Since deciding that I want an unmedicated delivery, I've become very interested in writing out my birth plan. My hospital includes a blank one in the registration packet, but it's really just a checklist kind of thing. Not nearly as detailed as I'd like. So I asked if I could write my own, and they said that would be fine (they actually seemed really impressed that I wanted to). I hear from others who have delivered there that they are usually good about following your requests, so I want my birth plan to cover all the bases.

So does anybody want to post theirs, so I can see how to get started and think of things to include?

TIA!
post #2 of 12
I should still have my birthplan from my dd Caitlin somehwhere so i will have a little look and post it on here for you if i find it
post #3 of 12
Thread Starter 
Thanks - I look forward to reading it!

And even if you can't find it (this goes for you other mamas too), feel free to list things you think I should consider and note on the birth plan.

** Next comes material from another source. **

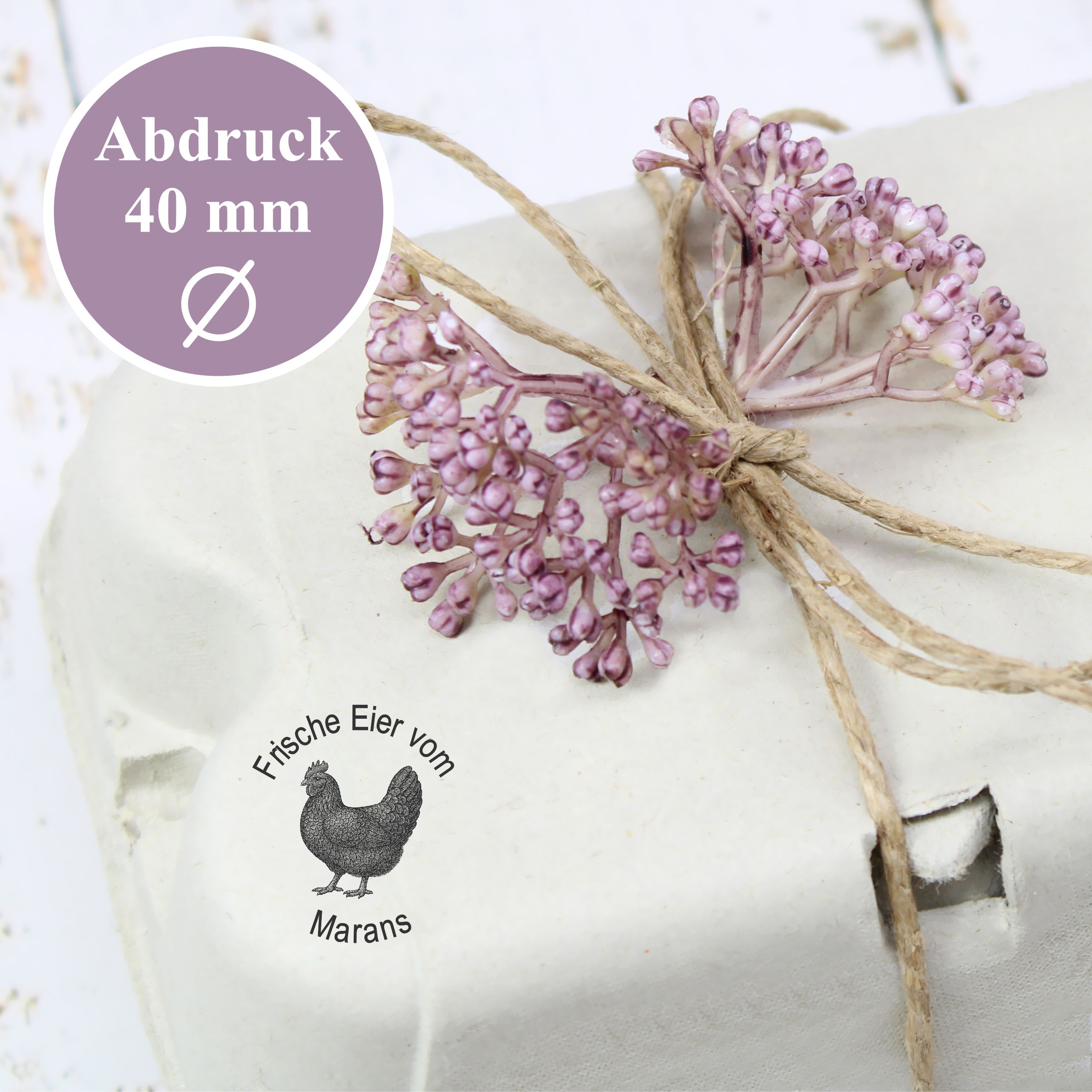 Vielseitig einsetzbar: Sie können den Stempel vielseitig einsetzen: für Eierverkauf, Hofladen, Bioladen, Bauernmarkt, Produktetiketten, Verpackungen, Scrapbooking, Farmhouse-Dekoration und kreative DIY-Ideen. Der individuelle Stempel unterstreicht die Herkunft Ihrer Produkte auf stilvolle Weise.

There's just so much to think about, and I don't want to forget anything!
post #4 of 12
Don't forget about your requests re: birthing the placenta.

Lots of hospitals will give you a shot of Pitocin to "speed delivery" of it. If you don't want that, make sure to say!

Christine
post #5 of 12
I have been trying and find some sample birth plans, I was hoping to have one started before my next doctor's apoointment, I hope someone posts theirs. I have so many questions and I know there are loads of items I will not think of, or know they do to you while your a little out of it!
post #6 of 12
Here is mine. Note that I have a medical condition that required certain points/sections that others probably won't need.

----------------

Birth plan for: Maria LastName
Partner: DH LastName
Support Person: MidwifeA or MidwifeB
Physicians: Dr. Perinatologist, Dr. Endocrinologist

This birth plan was reviewed with Dr. Perinatologist and Dr. Endocrinologist on June 6, 2006. All sections of the birth plan pertaining to post-birth baby care were reviewed with Dr. Neonatologist via phone on March 29, 2006 and May 31, 2006.

Signatures:


________________________________________
Dr. Perinatologist


________________________________________
Dr. Endocrinologist


Dear Staff at XYZ Hospital,

My husband and I are very pleased to be planning the birth of our child at XYZ Hospital and are looking forward to working with you. The following is an outline of our preferences for the birth of our child.

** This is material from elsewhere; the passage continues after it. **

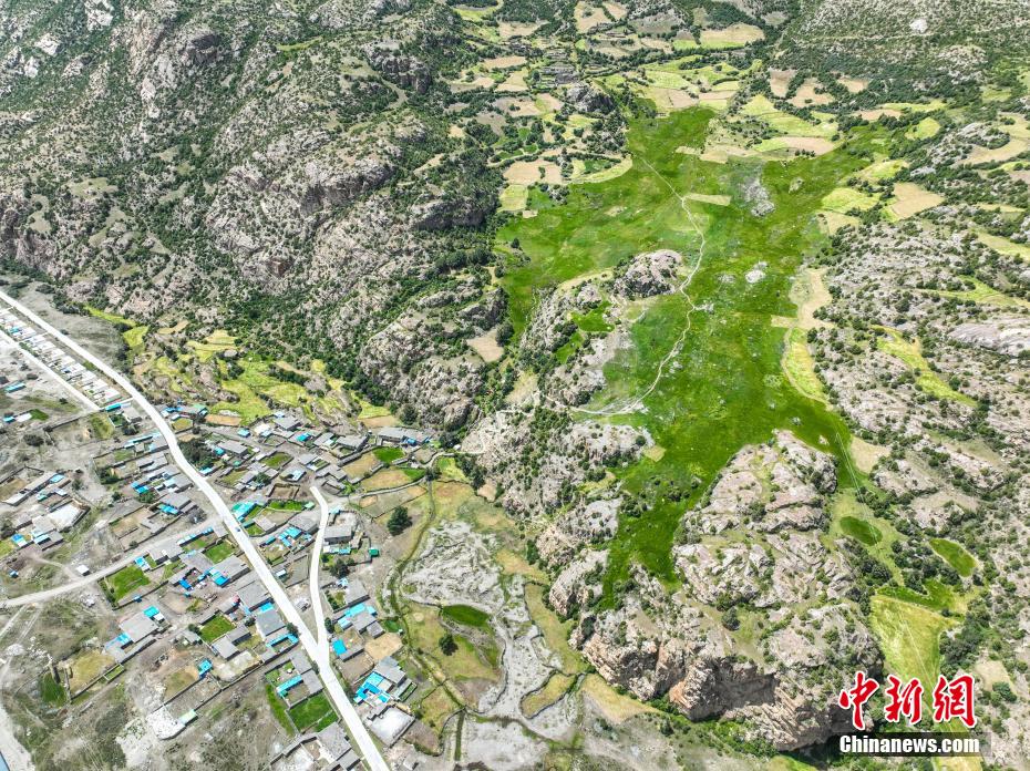 圖為三色湖旁邊的普玉村。(無人機(jī)照片)中新社記者 貢嘎來松 攝

I realize that many of our preferences are standard procedures at XYZ Hospital, for which we feel very fortunate.

I also understand that emergency situations may arise and that in that case, these preferences may not be possible. If that should happen and if there is time, I would appreciate having a brief discussion about my available options.

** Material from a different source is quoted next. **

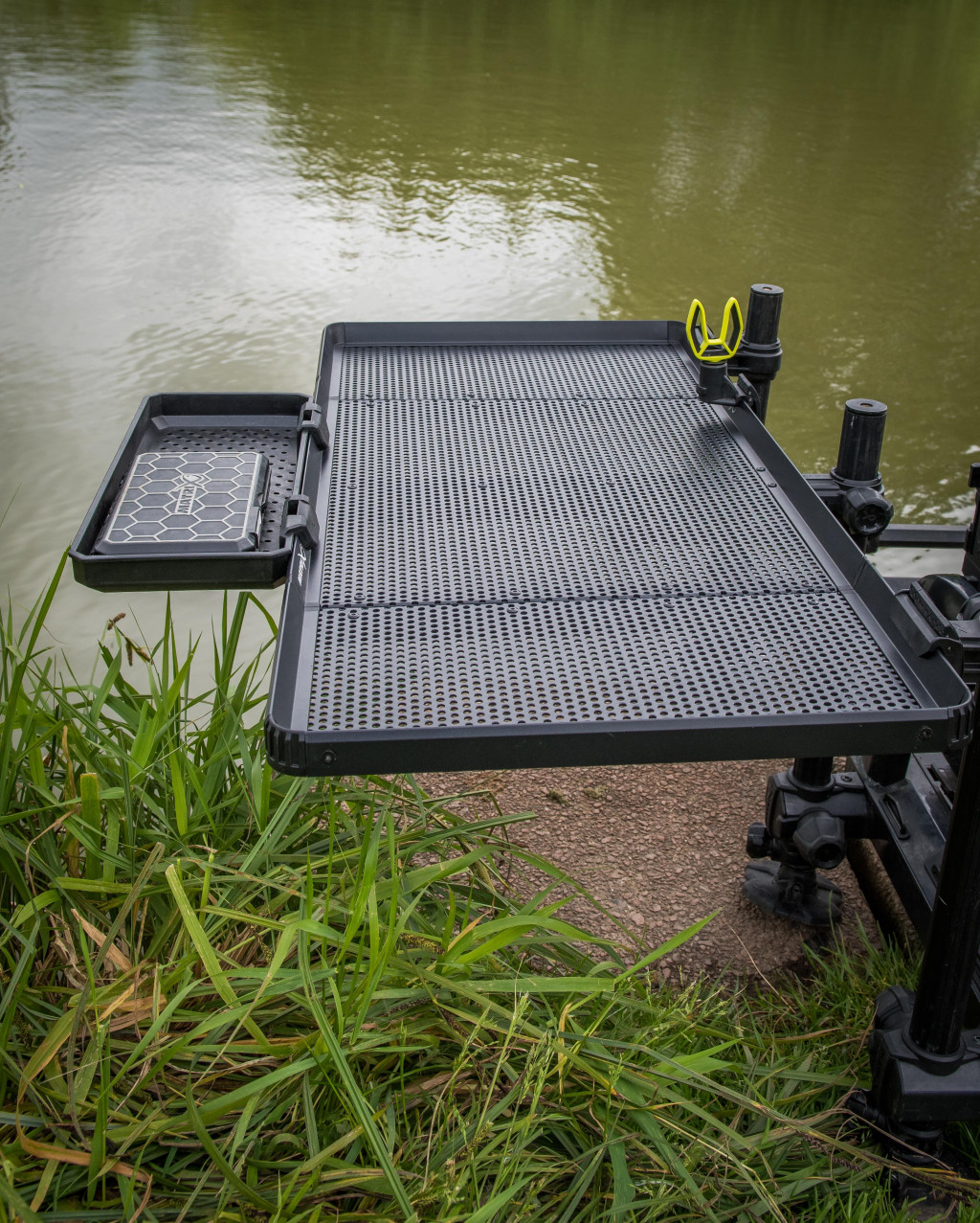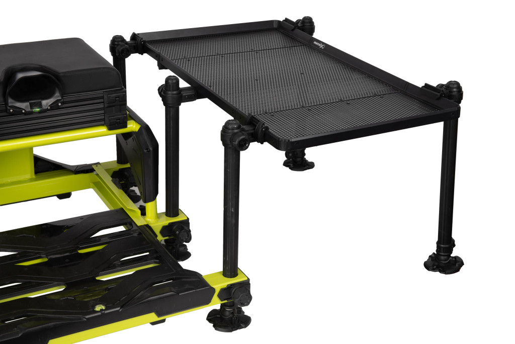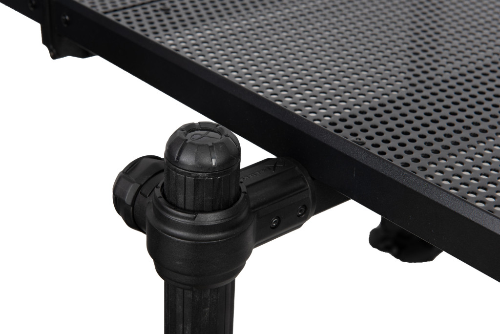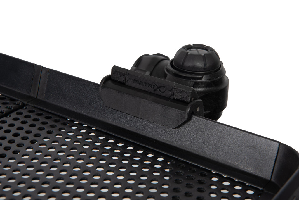Matrix Folding Side Tray XL została wykonana z wyjątkowo mocnym zewnętrznym rantem, który zapobiega zsuwaniu się narzędzi, przynęt czy zanęt oraz zwiększa sztywność konstrukcyjną. Perforowana powierzchnia zapewnia, że woda i zanęta nie zalegają na tacy, dzięki czemu zawsze pozostaje ona czysta i gotowa do użycia. Taca jest kompatybilna z okrągłymi nogami o średnicy 25 mm, 30 mm i 36 mm, dzięki czemu ma szerokie zastosowanie. Ponadto pasują do niej wszystkie akcesoria do tac Matrix, dzięki czemu wędkarz może ją łatwo rozbudować zgodnie z indywidualnymi potrzebami.

The support people present at this birth will be my husband, DH LastName, and either MidwifeA or her backup, MidwifeB . MidwifeA and MidwifeB are midwives with Name of Midwifery Practice. They have clinical privileges at ABC and DEF hospitals, but not at XYZ, so they will be attending my birth in a support role. Dr. Perinatologist has worked with MidwifeA in the past and agreed to participate in this somewhat unusual arrangement for concurrent care.

Sincerely,



Maria LastName

------------
Summary (a.k.a. my most important issues)

IV: I do not want an IV or heplock. I have had numerous IVs in my lifetime and have always found the site to be very painful for 2-8 weeks afterwards. I would prefer not to have to deal with that while also recovering from childbirth. If an emergency IV is necessary, of course I am willing to have one inserted.

My blood sugar: I have been type 1 diabetic for 23 years, am on an insulin pump and have excellent control. My HbA1c readings have been 5.6% or lower throughout the pregnancy. I am a former competitive athlete and am accustomed to managing my blood sugar during long, intense, athletic activities. While at the hospital, my husband and I would like to continue to manage my blood sugar by testing with my meter, using my insulin pump and having me eat and drink as necessary. If my blood sugars become unstable, I would be willing to have an IV insulin and dextrose drip. I understand that my nurses will need to monitor my blood sugar for my chart, and I am perfectly happy to provide blood samples as requested.

Labour: I would like to labour at my own pace, move around, change positions, have the option to use the shower, a birthing stool, birthing bar or birthing ball, and to push without coaching. I would especially appreciate no one counting during pushes.

Birth: Unless the baby is in distress and needs to exit urgently, I would rather tear than have an episiotomy. I would like to hold the baby skin to skin immediately, breastfeed as soon as possible, and deliver the placenta without artificial oxytocin (pitocin). I am willing to have pitocin administered intra-muscularly to treat PPH if hemorrhaging occurs. I am aware that refusing prophylactic pitocin increases my risk of PPH.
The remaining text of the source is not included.